Threat of new entrants: Low
The retail industry was protected by high barriers to entry, when a competitor wants to enter the market they require high startup capital to buy in bulk which would require economies of scale usually. Also the already existing companies sell their product at low prices which is hard to duplicate at the beginning.
Threat of substitutes: Medium
All the products that they carried were relatively similar to that of other retailers and they didn’t differentiate their product catalog much, the mainly focused on their low cost strategy. Also there may not be many stores in the town to choose from.
Power of Buyers: Medium
The buyers had low power because in a lot of cases the consumers didn’t have many choices on where to go shopping and the possibility of them shopping somewhere else is possible but in places like small rural towns they might actually travel a significant distance to go to one of the supermarkets.
Power of suppliers: High
There was not a large amount of suppliers around this time which gave the suppliers a lot of power over retailers. Because of this they need to cooperate and keep good relations with the supplier as well as keep competitive elements to stay in business. Also switching costs were high when switching suppliers.

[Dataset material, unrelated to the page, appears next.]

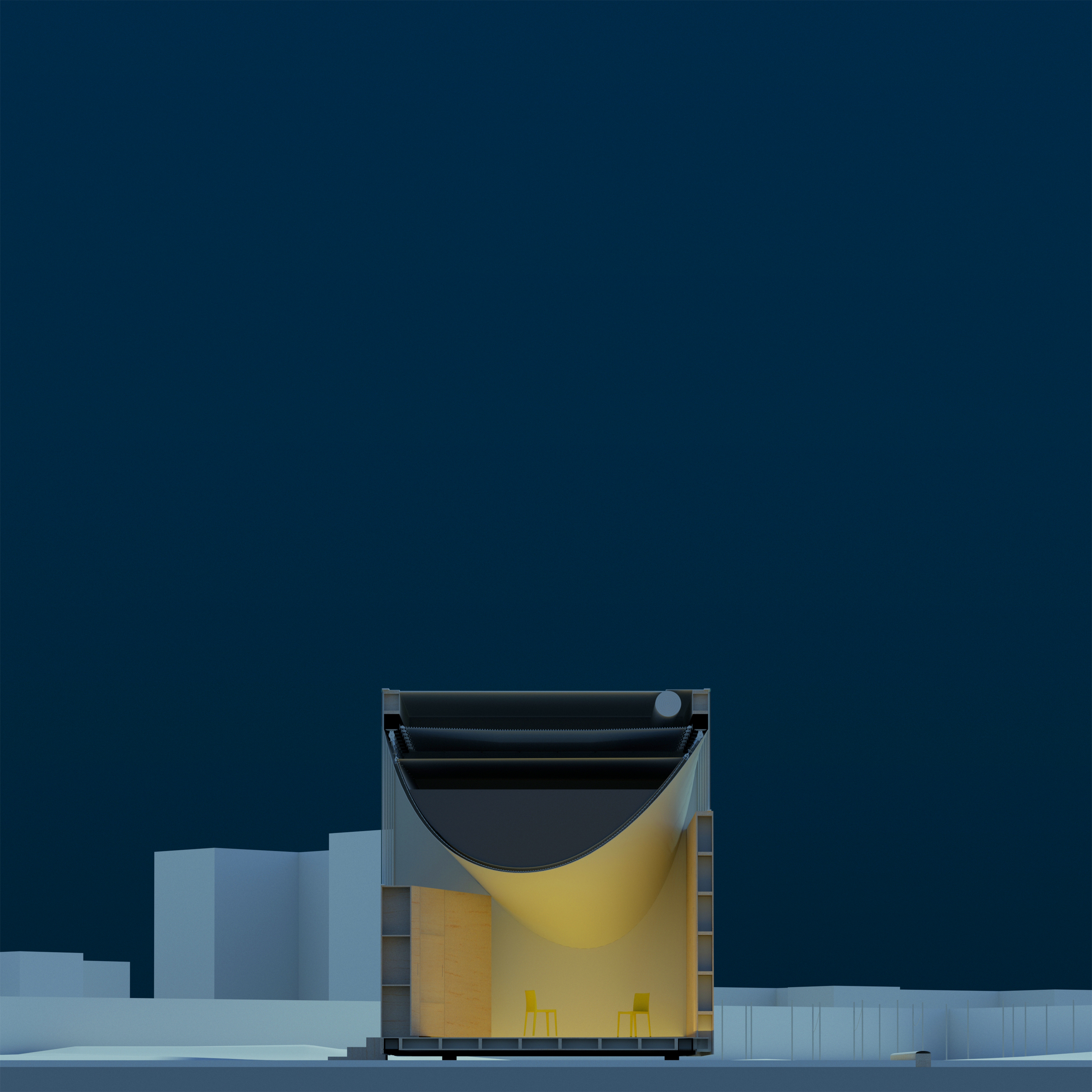With over 20,000 rooftop water tanks across New York City, these containers play a critical role for the city's expansive infrastructural systems. The Water Tank Prototype reimagines the relationship between a building's water tank and roofscape. The water tank operates seamlessly across four scales and serves as a new home to threatened community gardens. At the unit scale, the prototype holds water for everyday building use, garden irrigation, and passive/active cooling systems; at the building scale, the garden collects and diverts water back to the prototype, prohibiting detrimental runoff from straining the overloaded sewage system in a rainstorm, favorably serving the City’s Green Infrastructure Plan; at the neighborhood scale, the prototype functions as a community space, flexible and adaptable to the needs of its occupants; and at the city scale, the prototype deploys across the skyline as community garden lots are replaced with ever-increasing development. What results is a symbiotic connection across these four scales in which the prototype harmoniously interacts, never taking only for itself, but engaging with water and social systems to make the city a more cohesive whole.

Intensity of Rivalry: High
The industry contains numerous small competitors such as Target and K-Mart. There is a low industry growth so the degree of rivalry is increased as well as the lack of differentiation between products which brings little separation between competitors.
In my opinion I believe that the market isn’t as attractive as I at first thought it would be and I might have been hesitant when entering this industry. By solely looking at the five forces and without any knowledge of Wal-Mart’s future I would suggest that Sam Walton shouldn’t enter because he would probably be unsuccessful.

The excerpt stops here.